Study finds northern fur seal pups recognize mom's voice

  • Mark Cheater
  • Dec 01, 2000
When your mom calls on the phone, she doesn't have to identify herself. The sound of her voice is immediately familiar--even if you haven't seen her for months. Can other animals recognize the sounds made by their kin without seeing them, even after long absences? It seems likely, but until lately there has been little evidence to prove it.

A new study of northern fur seals on Alaska´s Pribilof Islands provides such proof. Stephen Insley, a biologist until recently with the Smithsonian Institution, found that seal pups recognize and respond to the tape-recorded calls of their mothers (and vice versa) after months or even years of separation.

The seals live in the cold waters of the North Pacific and haul out on remote beaches in the Pribilofs and elsewhere to breed in the summer. Female fur seals, unlike most other mammals, leave their nursing offspring for days at a time and go off to fish. On returning, they must find their pups among hundreds of other young seals wedged together at the breeding colony.

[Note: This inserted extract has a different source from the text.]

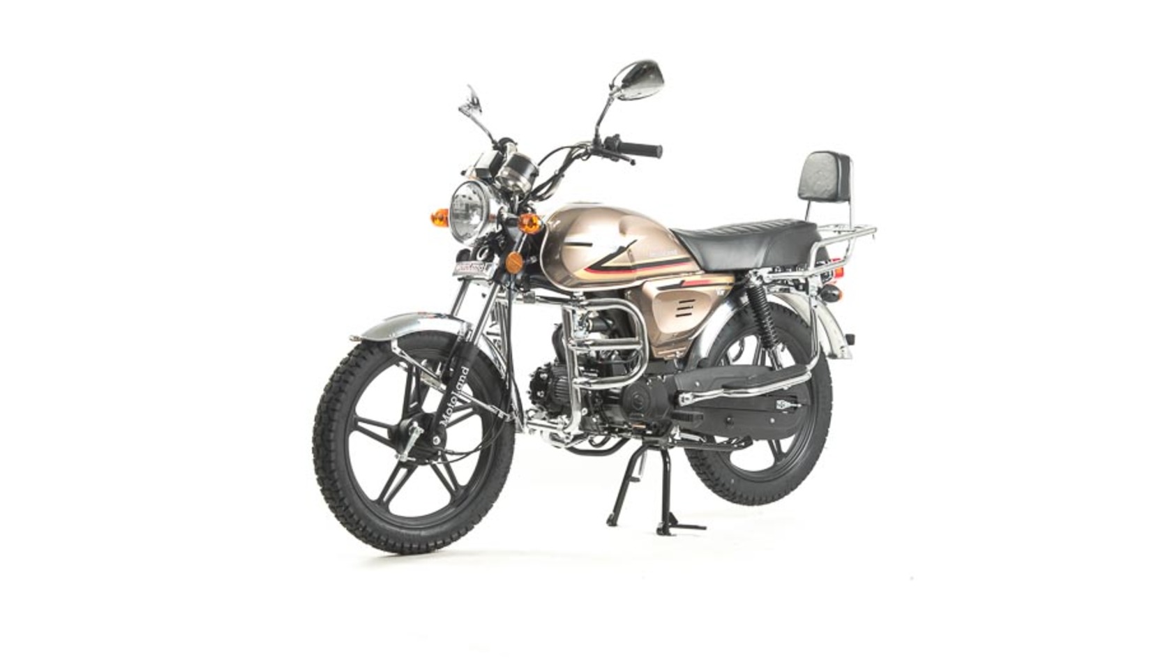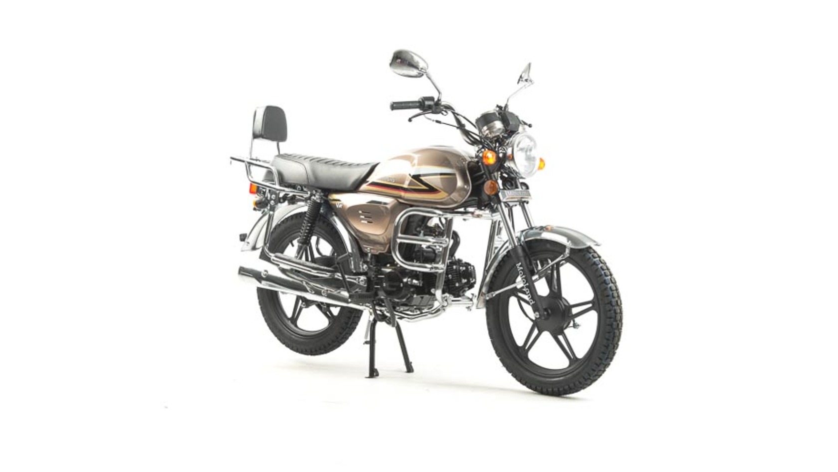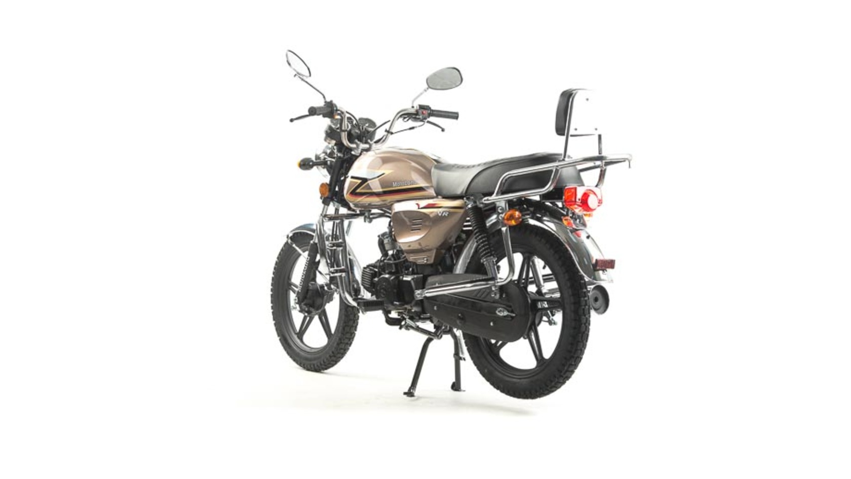 Комплектация Барабанные тормоза установлены на переднем и заднем колесе. Багажник, зеркала заднего вида, центральная и боковая подножки.

"The need for vocal recognition is a matter of life and death during that period," says Insley. Mothers and pups also use sight and smell to help identify each other, but each animal has a distinctive call (for pups, a lamblike bleat) that sets it apart from its cohorts.

By marking seals, recording their calls and playing them back during subsequent summers, Insley discovered that the animals remember their kins' calls, even after four years. He's not sure why the seals retain the memories for so long. For long-distance phone calls, perhaps?